Она видит. Она видит, что берег за ним уходит влево.

Он говорит:

— Если далеко отнесет, будет трудно возвращаться.

Она знает. Она знает, как далеко их должно отнести и как сильно им придется выгребать.

— Если перевернемся, как думаешь, утонем? — спрашивает он.

Этот вопрос удивляет ее, берег, кажется, не так далеко. Но вода в Мэне холодная, а плавают они плохо.

— Не знаю, доплыву ли я до берега, — говорит она.

— А я знаю, что не доплыву. Ты лучше меня плаваешь.

— Тебе надо научиться расслабляться, опускать голову под воду.
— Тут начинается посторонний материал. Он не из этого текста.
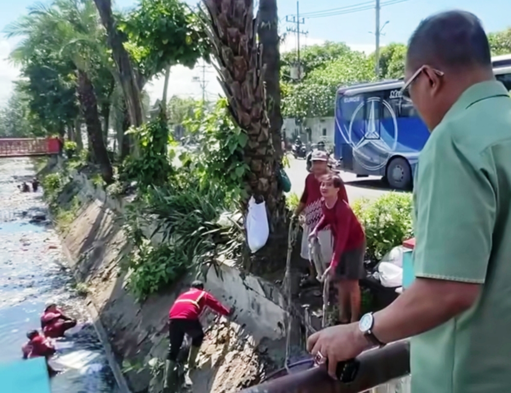 Wakil Wali Kota Surabaya Armuji bahkan turun langsung meninjau kondisi sungai dan memberikan imbauan kepada masyarakat.

Когда ты напряжен, то слишком высоко держишь голову и выдыхаешься.

— Если я буду тонуть, ты сможешь меня спасти? — спрашивает он.

— Я не так хорошо плаваю.

— Придется их звать.

— А что они смогут сделать? Лодка у нас.

— Они будут стоять на берегу и смотреть, как мы тонем.
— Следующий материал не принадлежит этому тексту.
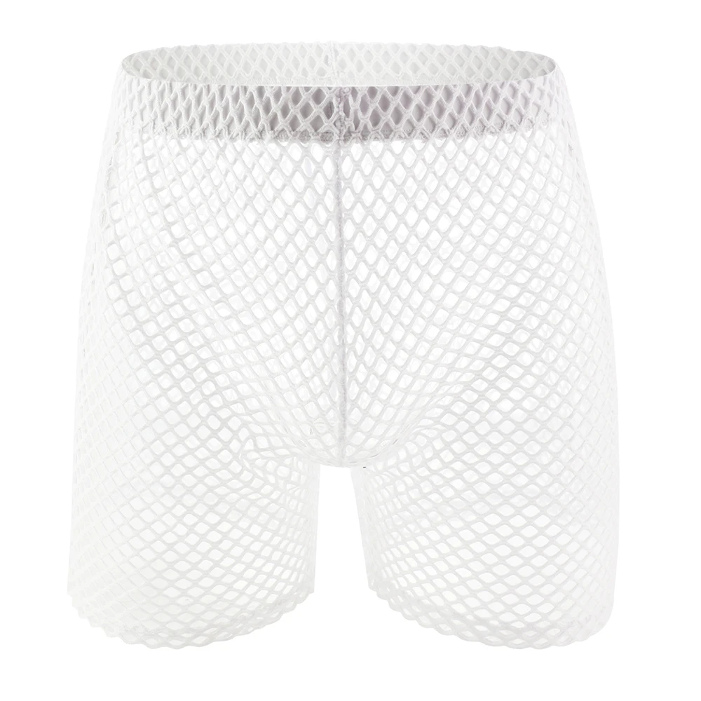 Мужские боксеры, Сетчатое нижнее белье с вырезами, дышащие, шорты с сеткой Длинные боксеры, мужские трусы-боксеры, нижнее Белье для сна

— Какой ужас. Представь себе, как они стоят на берегу и смотрят, как мы тонем.

Она мечтательно кладет свой критический разбор в конверт. Затем, вспомнив, что он не позвонил, приехав, и все свои вопросы, которые ей не случилось задать, — например, зачем он прислал ей рукопись, и что заставило его написать такую книгу, и в чем была настоящая причина их развода, — она опомнилась и порвала письмо. Взамен набросала, не думая, записку следующего содержания, которую потом сходила отправить, опять же не думая.

Дорогой Эдвард,

Я наконец дочитала твой роман. Прости, что так долго.

Черкни мне, если хочешь знать мое мнение.

С любовью,

Сьюзен.

Она хотела наказать и Арнольда тоже, но единственное, что пришло ей в голову, — заставить его прочесть эту книгу. Он сделает это, если она будет настаивать, но вряд ли что-нибудь поймет.